We can use the case study of Boy & Bear conducted by Julian Morrow, former artist-manager for the band, to highlight the risks involved with entering live music at the low and mid-level tiers in Australia. As Australia is a ‘relatively small territory (in terms of population) with arguably more promoters per-capita than anywhere else’, artists will often be cut short in the race to procure a band for a tour (Morrow, 2013). Boy & Bear illustrate the ways in which technology can be used to combat unsavoury business practice, with the involvement of companies such as Music Glue, who provide ‘online marketing and e-commerce solutions for artists, managers, promoters and venues’ (Morrow, 2013). They do this by ‘providing the tools that enable direct artist-fan engagement’, which enables bands to exchange music for email addresses, allowing them to cheaply promote future tours. Music Glue claims that this service is ‘demanded by an increasingly tech aware and empowered customer base’ (Morrow, 2013).

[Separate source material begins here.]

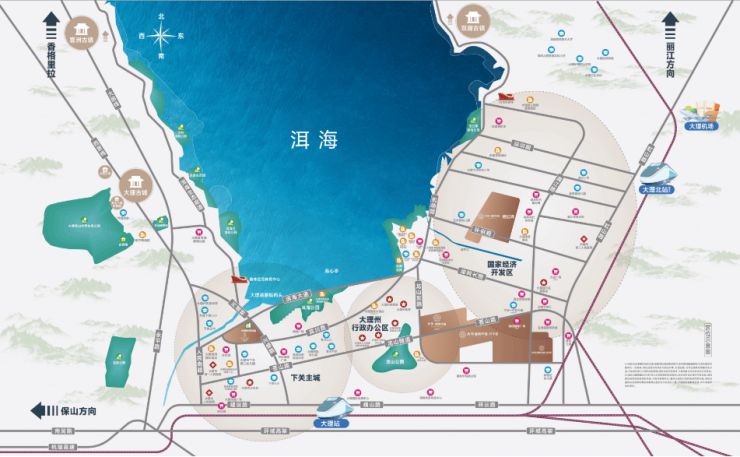 占位路铁空交通枢纽,坐享高铁洱海站(规划中),与大理站直线距离约2.5km,帷幄城市交通门户,城市主干道龙山路在侧,通达全城,与大理机场直线距离约9KM,尽享空港便捷出行优势。

As we are dealing in an increasingly tech-savvy market, it would be pertinent also address the ways in which artists have used technology to their advantage in the recording sector, albeit at the exclusion of record labels. Morrow illustrates an example of this, stating: ‘British rock band Radiohead released their seventh album In Rainbows as a digital download for which consumers chose their own price’ (2009). Although no official figures have been released, the exercise might be consider a success, as Morrow notes, ‘it directed a large amount of traffic to their website from which consumers could purchase concert tickets…merchandise…and had the potential to increase the sale of their back-catalogue’ (2009). However, it must be noted that a large portion of the success found by Radiohead is due to their experience within the old system, having previously been bound by a major label contract with EMI. This successful use of technology in the recording sector cannot hope to be emulated by every upstart band in saturated market.
We must therefore conclude that the live music sector has easily weathered the technological storm of the 21st century much better than that of the recording sector. With Live Nation becoming the largest music organisation in the world, and record labels continuing to lose the fight against P2P file-sharing, it is clear that record labels are no longer the driving force in the music industry they once were. The implementation of the 360 deal by record labels has proved to be moderately successful, albeit only through tapping into revenue streams outside of record sales. There is also a continued distrust of labels as being unfair towards the artist. The live music sector is therefore still the most profitable aspect of the music industries, despite the disparity between smaller and larger acts. Artists have been able to combat this disparity through the emergence of companies such as Music Glue, which enable them to market directly to their fan-base through the internet. The recording sector is still unable to find a in a tech-savvy society, where the experience of a live show will continue to remain irreplaceable.